How Stack leverages 'Serverless Architecture and Multi-tier Application' to deliver a seamless product

Serverless architecture and Multi-tier application

There used to be a time when a developer’s biggest nightmare was maintaining infrastructure. With AWS, the hassle is outsourced so that they can, instead, focus on the one thing that matters the most- developing a solid and reliable product.

What is serverless architecture?

Serverless architecture is a way to build and run applications and services without having to manage infrastructure.

Think of it as a container where your code can be poured into. The container itself is completely created, deployed, and managed by AWS. And you need not be involved in the creation or management of the container, and in fact, you can’t even if you wanted to.

Your application still runs on servers, but all the server management is done by AWS. You no longer have to provision, scale, and maintain servers to run your applications, databases, and storage systems.

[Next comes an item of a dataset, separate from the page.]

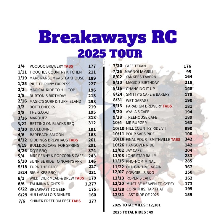 LEARN MORE To see more images from our rides and to see images of our officers and other members out riding and having fun, please visit the Image Gallery. IMAGE GALLERY Interested in riding with the Breakaways Riding Club? Come join us on one of our open public rides. BRC Events BREAKAWAYS RIDING CLUB 2025 TEXAS TOURHow many miles did you ride last year? The Breakaways Riding Club rode 12,301 miles on 49 rides...all over the state of Texas and Arkansas.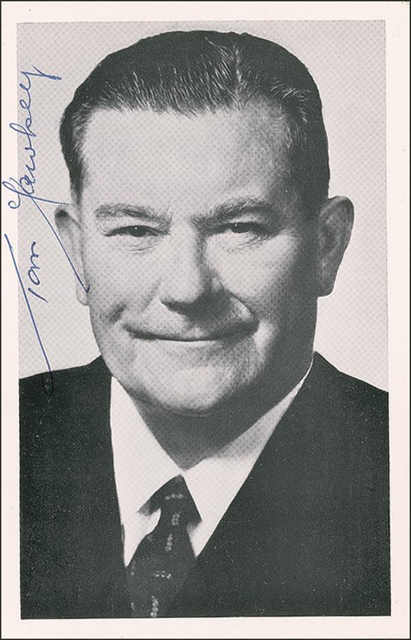 Baseball executive (1903–1976). Matte-finish 3.5 x 5.5 photo of Yawkey in a suit and tie, signed vertically in blue ballpoint. In fine condition. Yawkey became president of the Boston Red Sox in 1933, and was the sole owner of the team for 44 seasons, longer than anyone else in baseball history.

Why use serverless architectures?

By using a serverless architecture, your developers can focus on their core product instead of worrying about managing and operating servers or runtimes, either in the cloud or on-premises. This reduced overhead lets developers reclaim time and energy that can be spent on developing great products which scale and that are reliable.

How Stack uses multi-tier applications to innovate further?

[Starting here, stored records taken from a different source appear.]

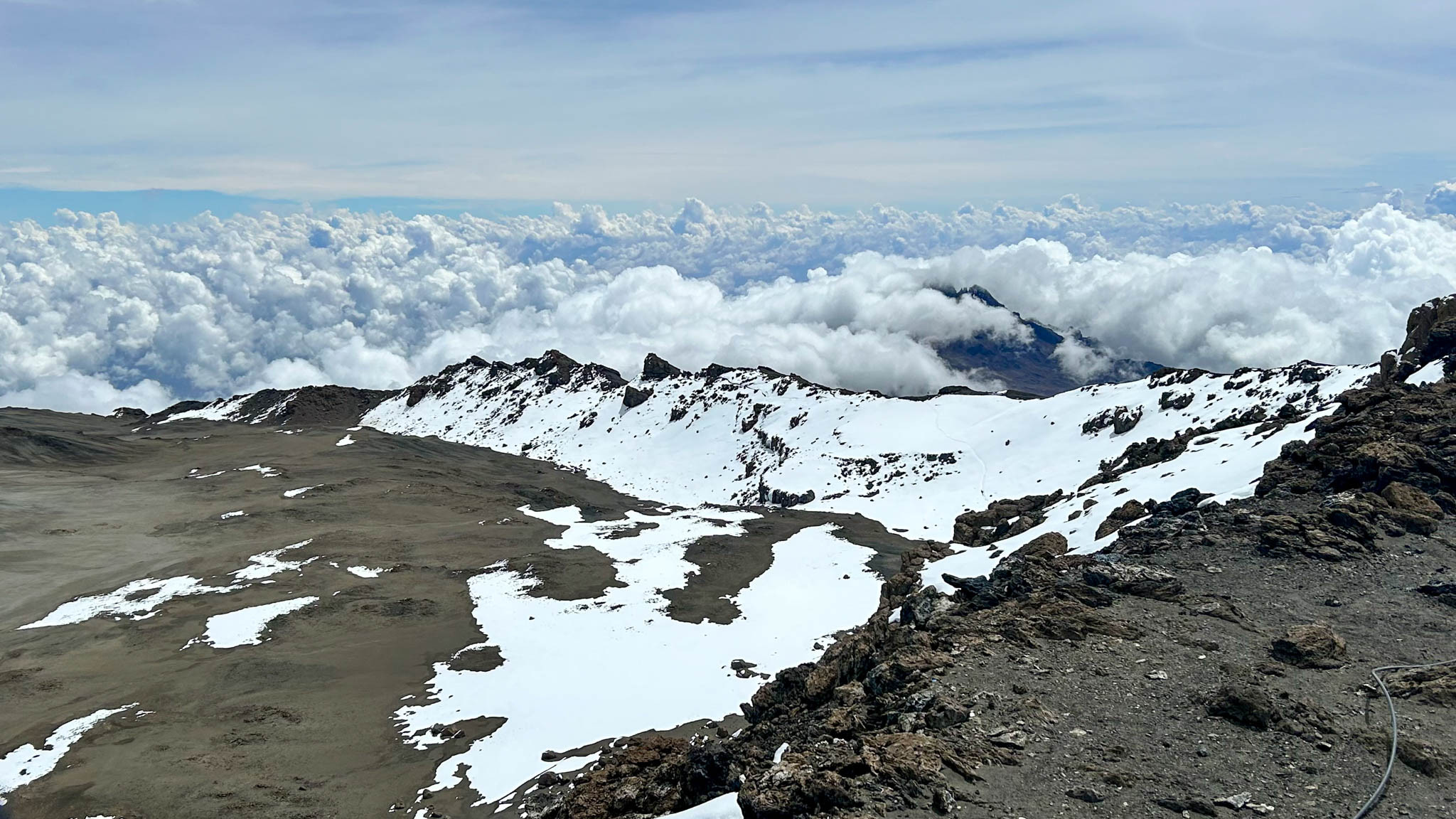 Reaching the top was worth the struggle. The view over the mountain was remarkable, with clouds that resembled cotton. And even at the top of one of the highest mountains in the world, Gototweski had his union in mind. Posing with the congratulatory completion sign on Uhuru Peak, he took out his Boilermakers Local 13 (Philadelphia) flag.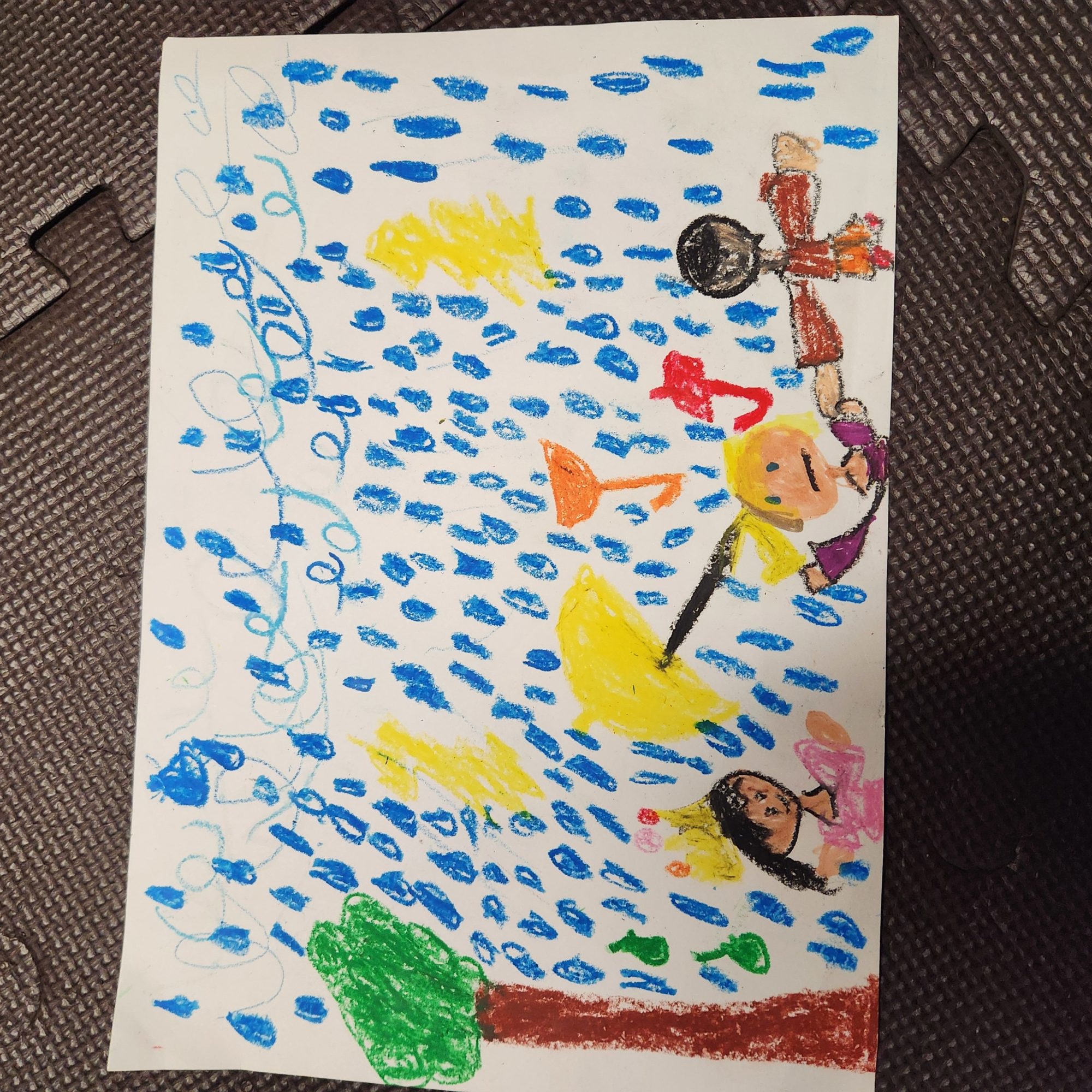 くるんくるんの風や雨の粒で、台風の様子が伝わってくるなぁ〜!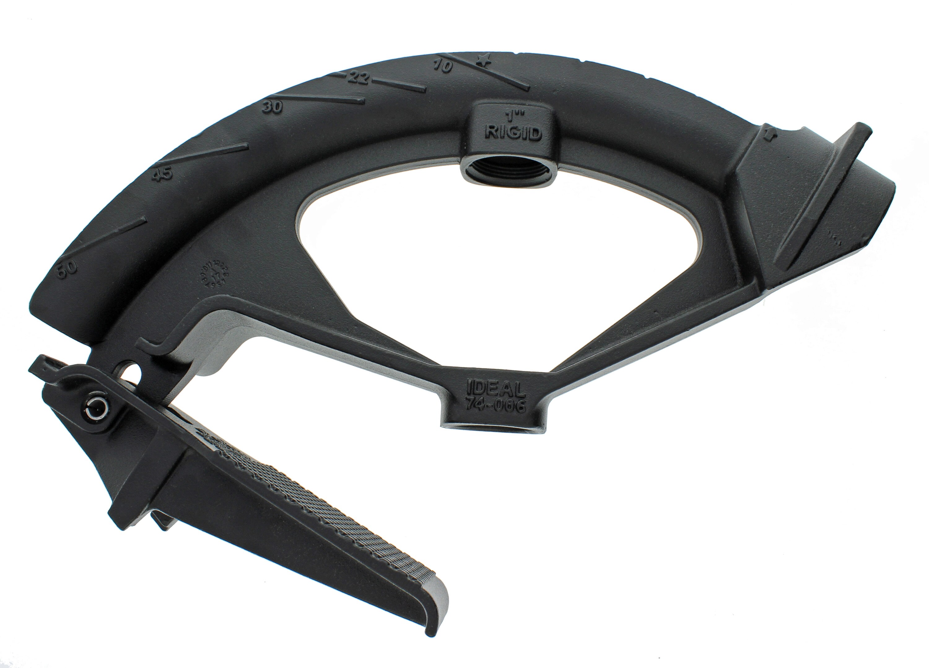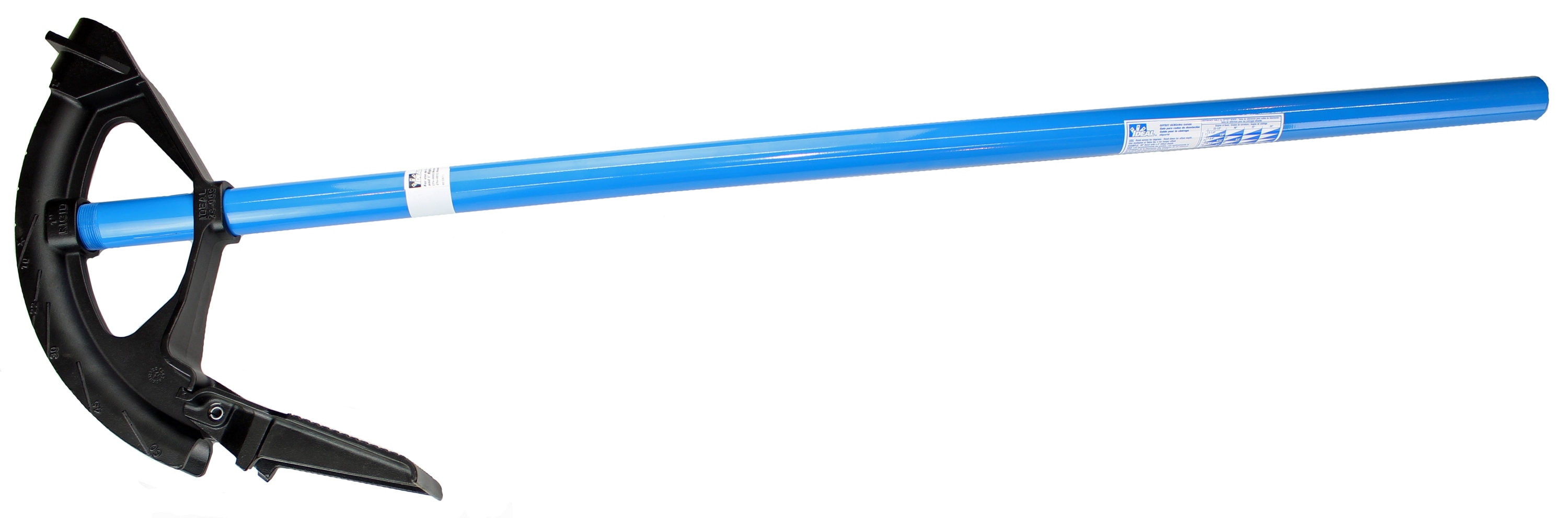 IDEAL iron conduit bender head with handle has ductile iron construction for exceptional durability and rugged construction that withstands a lifetime of heavy use. Bends conduit pipes to fit around any corner, ceiling, wall or irregularly shaped passageways. It features precision marks locating degree scale, star and arrow and rim notch for perfect bends every time.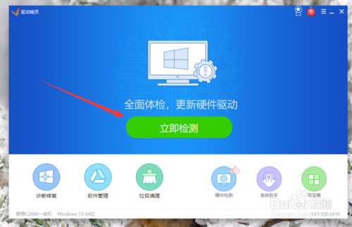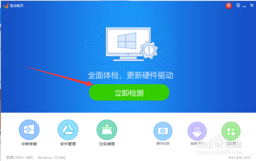 1、首先使用軟件對(duì)電腦上的硬件驅(qū)動(dòng)問(wèn)題問(wèn)題進(jìn)行檢查,看看是否缺少對(duì)應(yīng)的硬件驅(qū)動(dòng),如圖所示,點(diǎn)擊一下立即檢查

The multi-tier application (three-tier, n-tier, and so forth) has been a cornerstone architecture pattern for decades and remains a popular pattern for user-facing applications.

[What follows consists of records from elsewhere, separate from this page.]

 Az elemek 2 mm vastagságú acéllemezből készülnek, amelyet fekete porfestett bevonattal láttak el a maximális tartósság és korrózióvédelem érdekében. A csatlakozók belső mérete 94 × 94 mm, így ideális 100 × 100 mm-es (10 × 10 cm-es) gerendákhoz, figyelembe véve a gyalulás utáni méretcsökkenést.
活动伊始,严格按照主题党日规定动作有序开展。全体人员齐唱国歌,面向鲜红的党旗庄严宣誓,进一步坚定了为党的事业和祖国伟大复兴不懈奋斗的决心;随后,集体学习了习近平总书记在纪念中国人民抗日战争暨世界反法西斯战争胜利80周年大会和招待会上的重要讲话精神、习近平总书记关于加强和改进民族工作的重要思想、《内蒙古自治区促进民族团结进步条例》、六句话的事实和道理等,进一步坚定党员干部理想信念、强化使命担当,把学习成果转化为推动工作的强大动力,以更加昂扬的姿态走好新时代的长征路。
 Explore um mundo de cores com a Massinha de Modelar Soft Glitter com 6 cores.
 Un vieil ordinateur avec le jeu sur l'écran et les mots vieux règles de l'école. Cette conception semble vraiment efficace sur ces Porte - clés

Although the language used to describe a multi-tier architecture varies, a multi-tier application generally consists of the following components:

Presentation tier – Component that the user directly interacts with (for example, webpages and mobile app UIs)

Logic tier – Code required to translate user actions to application functionality (for example, CRUD database operations and data processing)

Data-tier – Storage media (for example, databases, object stores, caches, and file systems) that hold the data relevant to the application

The multi-tier architecture pattern provides a general framework to ensure decoupled and independently scalable application components can be separately developed, managed, and maintained (often by distinct teams). As a consequence of this pattern in which the network (a tier must make a network call to interact with another tier) acts as the boundary between tiers, developing a multi-tier application often requires creating many undifferentiated application components.

Some of these components include:

• Code that defines a message queue for communication between tiers

• Code that defines an application programming interface (API) and a data model

• Security-related code that ensures appropriate access to the application Amazon API Gateway — a service used for creating and managing APIs, and AWS Lambda – another service for running arbitrary code functions, these can together be used to simplify the creation of robust multi-tier applications.

Through serverless multi-tier applications at Stack, we were able to not just create a seamless user interface but razor focus on developing a holistic product by cutting out the time and resources required for server management.